[Working data Boundary: Start]
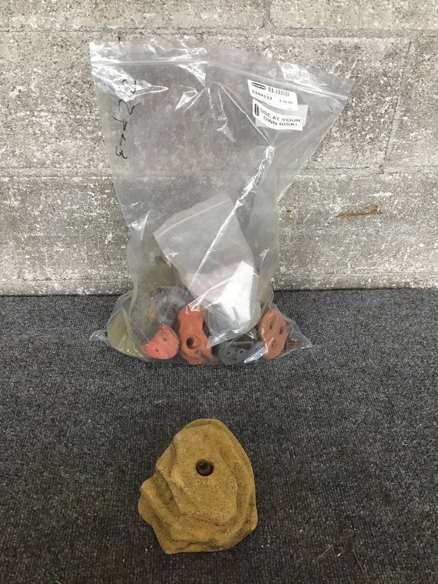 Bag that contains twenty-two rock climbing type grips for your back yard wall. Some are quite small. Some are bigger. USE AT YOUR OWN RISK!
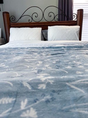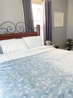 [This review was collected as part of a promotion.] I absolutely love this comforter! It is thick enough that I do not wake up feeling cold at night, but light enough for the summer! The little blue blanket that comes with it is ridiculously soft and sooo good for a chillier night. It fits my queen bed perfectly and it feels very sturdy. It does not have strong chemical smells ( which is a must for me) , and did not irritate my sensitive skin.
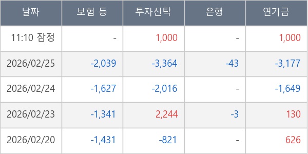 ※ 장중 매매동향은 잠정치이므로 실제 매매동향과 차이가 발생할수 있음
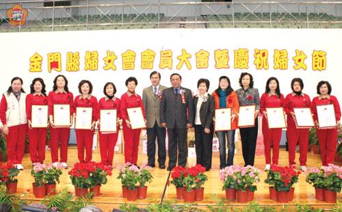 金門縣婦女會昨日假縣立體育館舉行「金門縣婦女會九十九年會員聯誼暨慶祝婦女節活動」,在腰鼓大會串、婦女趣味競賽與摸彩活動中,婦女會姊妹同聚一堂聯誼、歡慶佳節,福建省政府秘書長曾華德、縣府主任秘書盧志輝等貴賓到場頒獎表揚績優小組長,向婦女朋友祝賀,肯定婦女對家庭和社會的貢獻。 縣婦女會這項會員聯誼暨慶祝婦女節活動昨日上午九時許在縣立體育館展開,由婦女會理事長許華玉主持,包括福建省政府秘書長曾華德、縣府主任秘書盧志輝、縣府社會局長方天吉、主計室主任李秀荷、議員洪允典、洪麗萍、林孫全、林務所所長葉媚媚,及金湖鎮長蔡西湖、金寧鄉長陳成勇、金城鎮公所秘書黃耿銘、金城鎮代表會主席陳天成、國民黨金門縣黨部主委黃原亮等貴賓出席,向婦女們賀節致敬。 昨日活動中由五鄉鎮「腰鼓大會串」精彩表演熱鬧開場,隨後由福建省政府秘書長曾華德頒獎表揚婦女會各鄉鎮績優小組長,包括:金城分會陳招治、田麗莉、林明勵;金湖分會陳玉梅、廖玉梅;金沙分會楊赤玉、蔡進治、蔡仙配;金寧分會李玉昭;烈嶼分會許月治等十位,並向她們道賀。 許華玉除感謝婦女姊妹的踴躍出席參與,及婦女會所有幹部無私無我的付出外,她也指出,今年婦女節廈門市翔安區婦女聯合會特別舉辦盛大的「紀念三八國際勞動婦女節100週年暨巾幗風采展示活動」,金門縣婦女會也組團前往廈門參與,除了與來自各地的婦女姊妹聯誼,重點是介紹金門的傳統藝術文化,與推銷金門的觀光產業及金門高粱酒,而在活動中參與表演也得到優勝獎的好評,這也是金門婦女會的榮耀。 中華民國婦女會總會選拔表揚全國「非凡婦女」與「績優村里小組召集人」,本縣「非凡婦女」得獎人唐麗德,「績優村里小組召集人」當選人楊意金,於日前赴台接受總統馬英九的表揚。婦女會以她們為榮,昨日於活動中,許華玉也特別介紹他們上台接受大家的祝福。 許華玉也感謝五鄉鎮婦女姊妹「腰鼓大會串」的精彩演出,盼這項運動能持續推廣到金門各社區,帶動全民運動。 她也強調婦女會將秉持服務的精神服務婦女朋友,也希望婦女姊妹們繼續來支持婦女會,讓婦女會更團結、茁壯。 省府秘書長曾華德指出,一年一度的婦女節,能夠代表省府薛主席來向大家祝賀感到非常高興、也非常榮幸。他說,婦女在整個社會的參與度,一年比一年多,一年比一年好,從中央到基層,都有婦女姊妹的參與,婦女朋友分散在各個行業,各個角落、各自打拚,尤其婦女組織,散佈在全國每一個縣市,每一個鄉鎮,甚至到每一個村落,婦女組織是民間一股非常強大的力量,而婦女組織是整個社會無論是在政治、經濟、教育、文化推動的動力,是社會教育文化的櫥窗,更是一個國家進步的重要指標。他期盼金門因為有婦女同胞的參與而更進步、更繁榮,也因為妳們的投入使金門未來更美麗、更祥和。 主任秘書盧志輝指出,非常高興來參加婦女會一年一度盛大的聯誼,李縣長因公赴台,特別要他來向婦女同胞表示熱誠的道賀之意,雖然婦女節剛剛過,但仍祝福大家佳節快樂。 盧志輝表示,過去傳統婦女,以相夫教子為己志,但是現在整個社會改變,除了相夫教子外,婦女朋友行有餘暇也會關注社會脈動,從事社會的公益,看到最近幾年來婦女同胞們,走出戶外,參與社會很多的公益活動,感到非常欣慰,也感覺到金門婦女同胞對社會的貢獻,及許多活動的參與,要比男性要來得多,我們以女性同胞為榮,希望未來有更多的婦女同胞共同來參與社會公益活動,引領社會的脈動。 國民黨金門縣黨部主委黃原亮指出,國民黨金門縣黨部與婦女會淵源很深,婦女會現在的辦公處所就是由國民黨免費提供,日前許(華玉)理事長親自到黨部辦公室邀請,雙方也就未來婦女政策與活動的推動廣泛交換意見,需要大家來幫忙的,他也會協調各單位,甚至協調中央來幫助,國民黨縣黨部願意做大家的後盾與支持者。 也是立委陳福海金門辦公室主任的金湖婦女分會主委黃秀珍也上台代表陳福海向婦女姊妹問好,她也非常贊同婦女姊妹平常對家庭付出很多,三不五時也要給自己放個假,來參加婦女節的活動。 隨後,到場的貴賓與參與的婦女朋友大家也一起隨著輕快的樂音動起來,進行「音律活化健康操」及「SORRY SORRY」樂曲舞動,為活動熱身,並接續展開各項婦女趣味競賽與摸彩活動,八百多位婦女會姊妹同聚一堂聯誼,而各界首長提供、贊助的豐富彩品也讓昨日的摸彩活動更為充實。
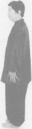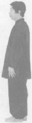 心朝内落至大腿两侧;同时,两腿 随势直立,眼平视前方(收势、踵拳 可以反复连续练习)(图3-25)。
[Working data Boundary: End]
What you have to do: Retype all the records shown above, character for character. Omit every picture.

Response below:
 Bag that contains twenty-two rock climbing type grips for your back yard wall. Some are quite small. Some are bigger. USE AT YOUR OWN RISK!
 [This review was collected as part of a promotion.] I absolutely love this comforter! It is thick enough that I do not wake up feeling cold at night, but light enough for the summer! The little blue blanket that comes with it is ridiculously soft and sooo good for a chillier night. It fits my queen bed perfectly and it feels very sturdy. It does not have strong chemical smells ( which is a must for me) , and did not irritate my sensitive skin.
 ※ 장중 매매동향은 잠정치이므로 실제 매매동향과 차이가 발생할수 있음
 金門縣婦女會昨日假縣立體育館舉行「金門縣婦女會九十九年會員聯誼暨慶祝婦女節活動」,在腰鼓大會串、婦女趣味競賽與摸彩活動中,婦女會姊妹同聚一堂聯誼、歡慶佳節,福建省政府秘書長曾華德、縣府主任秘書盧志輝等貴賓到場頒獎表揚績優小組長,向婦女朋友祝賀,肯定婦女對家庭和社會的貢獻。 縣婦女會這項會員聯誼暨慶祝婦女節活動昨日上午九時許在縣立體育館展開,由婦女會理事長許華玉主持,包括福建省政府秘書長曾華德、縣府主任秘書盧志輝、縣府社會局長方天吉、主計室主任李秀荷、議員洪允典、洪麗萍、林孫全、林務所所長葉媚媚,及金湖鎮長蔡西湖、金寧鄉長陳成勇、金城鎮公所秘書黃耿銘、金城鎮代表會主席陳天成、國民黨金門縣黨部主委黃原亮等貴賓出席,向婦女們賀節致敬。 昨日活動中由五鄉鎮「腰鼓大會串」精彩表演熱鬧開場,隨後由福建省政府秘書長曾華德頒獎表揚婦女會各鄉鎮績優小組長,包括:金城分會陳招治、田麗莉、林明勵;金湖分會陳玉梅、廖玉梅;金沙分會楊赤玉、蔡進治、蔡仙配;金寧分會李玉昭;烈嶼分會許月治等十位,並向她們道賀。 許華玉除感謝婦女姊妹的踴躍出席參與,及婦女會所有幹部無私無我的付出外,她也指出,今年婦女節廈門市翔安區婦女聯合會特別舉辦盛大的「紀念三八國際勞動婦女節100週年暨巾幗風采展示活動」,金門縣婦女會也組團前往廈門參與,除了與來自各地的婦女姊妹聯誼,重點是介紹金門的傳統藝術文化,與推銷金門的觀光產業及金門高粱酒,而在活動中參與表演也得到優勝獎的好評,這也是金門婦女會的榮耀。 中華民國婦女會總會選拔表揚全國「非凡婦女」與「績優村里小組召集人」,本縣「非凡婦女」得獎人唐麗德,「績優村里小組召集人」當選人楊意金,於日前赴台接受總統馬英九的表揚。婦女會以她們為榮,昨日於活動中,許華玉也特別介紹他們上台接受大家的祝福。 許華玉也感謝五鄉鎮婦女姊妹「腰鼓大會串」的精彩演出,盼這項運動能持續推廣到金門各社區,帶動全民運動。 她也強調婦女會將秉持服務的精神服務婦女朋友,也希望婦女姊妹們繼續來支持婦女會,讓婦女會更團結、茁壯。 省府秘書長曾華德指出,一年一度的婦女節,能夠代表省府薛主席來向大家祝賀感到非常高興、也非常榮幸。他說,婦女在整個社會的參與度,一年比一年多,一年比一年好,從中央到基層,都有婦女姊妹的參與,婦女朋友分散在各個行業,各個角落、各自打拚,尤其婦女組織,散佈在全國每一個縣市,每一個鄉鎮,甚至到每一個村落,婦女組織是民間一股非常強大的力量,而婦女組織是整個社會無論是在政治、經濟、教育、文化推動的動力,是社會教育文化的櫥窗,更是一個國家進步的重要指標。他期盼金門因為有婦女同胞的參與而更進步、更繁榮,也因為妳們的投入使金門未來更美麗、更祥和。 主任秘書盧志輝指出,非常高興來參加婦女會一年一度盛大的聯誼,李縣長因公赴台,特別要他來向婦女同胞表示熱誠的道賀之意,雖然婦女節剛剛過,但仍祝福大家佳節快樂。 盧志輝表示,過去傳統婦女,以相夫教子為己志,但是現在整個社會改變,除了相夫教子外,婦女朋友行有餘暇也會關注社會脈動,從事社會的公益,看到最近幾年來婦女同胞們,走出戶外,參與社會很多的公益活動,感到非常欣慰,也感覺到金門婦女同胞對社會的貢獻,及許多活動的參與,要比男性要來得多,我們以女性同胞為榮,希望未來有更多的婦女同胞共同來參與社會公益活動,引領社會的脈動。 國民黨金門縣黨部主委黃原亮指出,國民黨金門縣黨部與婦女會淵源很深,婦女會現在的辦公處所就是由國民黨免費提供,日前許(華玉)理事長親自到黨部辦公室邀請,雙方也就未來婦女政策與活動的推動廣泛交換意見,需要大家來幫忙的,他也會協調各單位,甚至協調中央來幫助,國民黨縣黨部願意做大家的後盾與支持者。 也是立委陳福海金門辦公室主任的金湖婦女分會主委黃秀珍也上台代表陳福海向婦女姊妹問好,她也非常贊同婦女姊妹平常對家庭付出很多,三不五時也要給自己放個假,來參加婦女節的活動。 隨後,到場的貴賓與參與的婦女朋友大家也一起隨著輕快的樂音動起來,進行「音律活化健康操」及「SORRY SORRY」樂曲舞動,為活動熱身,並接續展開各項婦女趣味競賽與摸彩活動,八百多位婦女會姊妹同聚一堂聯誼,而各界首長提供、贊助的豐富彩品也讓昨日的摸彩活動更為充實。
 心朝内落至大腿两侧;同时,两腿 随势直立,眼平视前方(收势、踵拳 可以反复连续练习)(图3-25)。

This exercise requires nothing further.